[Work task]
Repeat every line of the data exactly; no picture belongs in the copy.

[Source data]
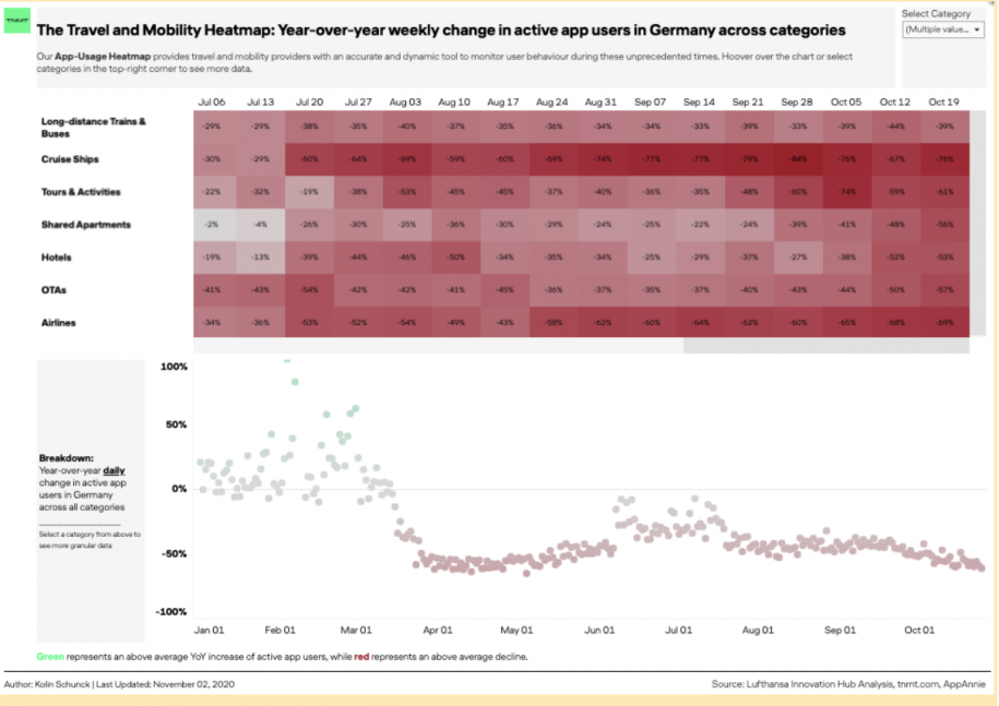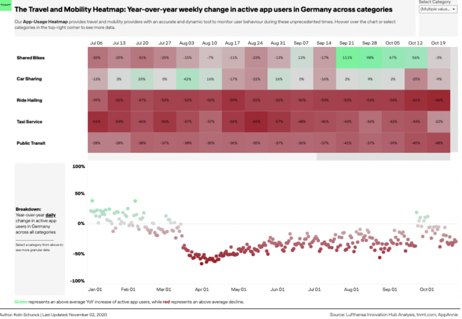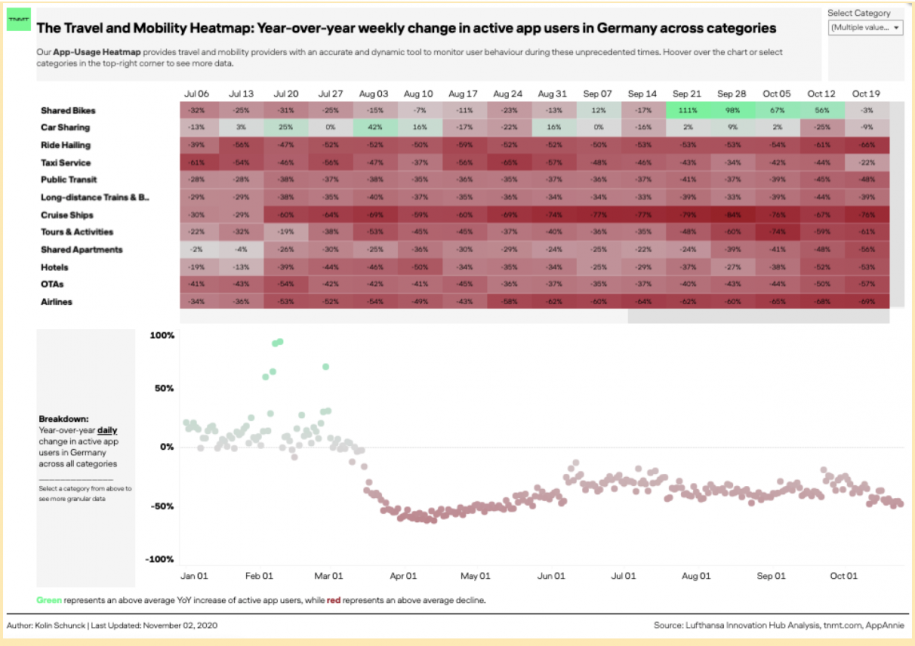 The coronavirus pandemic has slammed aviation, the wider travel and the mobility tech industry, unlike anything we have ever seen before. With people being locked into their homes for many weeks, mobility activity dropped to an unforseen low. A slow recovery mode has set in during the summer. Some mobility and travel sectors returned quicker than others, as the Travel and Mobility Category Heatmap for Germany by TNMT (measured using active app usage) shows.
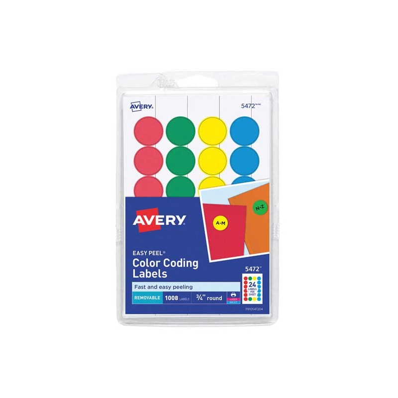 DescripciónARTÍCULO:ETIQUETAS CIRCULARESCOLOR:VARIOS COLORESMODELO:5472MARCA:AVERYMEDIDA:1.9 CM DE DIAMETROCaracterísticas BásicasDescripción:ETIQUETAS REDONDAS REMOVIBLES VARIOS COLORESMarca:AVERYNo. de parte:5472Medidas:1.9 DIAMETROContenido / hoja:24Contenido / paquete:816Color:VARIOSCaracteristicas EspecificasTecnología de impresión:INYECCIÓN DE TINTA Y LÁSERPaís:MÉXICOCaja máster:5Otros:REMOVIBLES
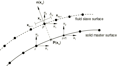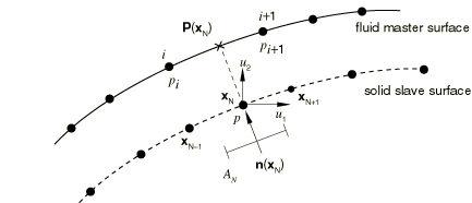![]() The contribution of a slave node to the coupling term in the structural equation is approximated by where is the pressure at master node and the sum is again over the master nodes in the vicinity of the slave node projection . |

[Written reply]
 The coronavirus pandemic has slammed aviation, the wider travel and the mobility tech industry, unlike anything we have ever seen before. With people being locked into their homes for many weeks, mobility activity dropped to an unforseen low. A slow recovery mode has set in during the summer. Some mobility and travel sectors returned quicker than others, as the Travel and Mobility Category Heatmap for Germany by TNMT (measured using active app usage) shows.
 DescripciónARTÍCULO:ETIQUETAS CIRCULARESCOLOR:VARIOS COLORESMODELO:5472MARCA:AVERYMEDIDA:1.9 CM DE DIAMETROCaracterísticas BásicasDescripción:ETIQUETAS REDONDAS REMOVIBLES VARIOS COLORESMarca:AVERYNo. de parte:5472Medidas:1.9 DIAMETROContenido / hoja:24Contenido / paquete:816Color:VARIOSCaracteristicas EspecificasTecnología de impresión:INYECCIÓN DE TINTA Y LÁSERPaís:MÉXICOCaja máster:5Otros:REMOVIBLES
![]() The contribution of a slave node to the coupling term in the structural equation is approximated by where is the pressure at master node and the sum is again over the master nodes in the vicinity of the slave node projection . |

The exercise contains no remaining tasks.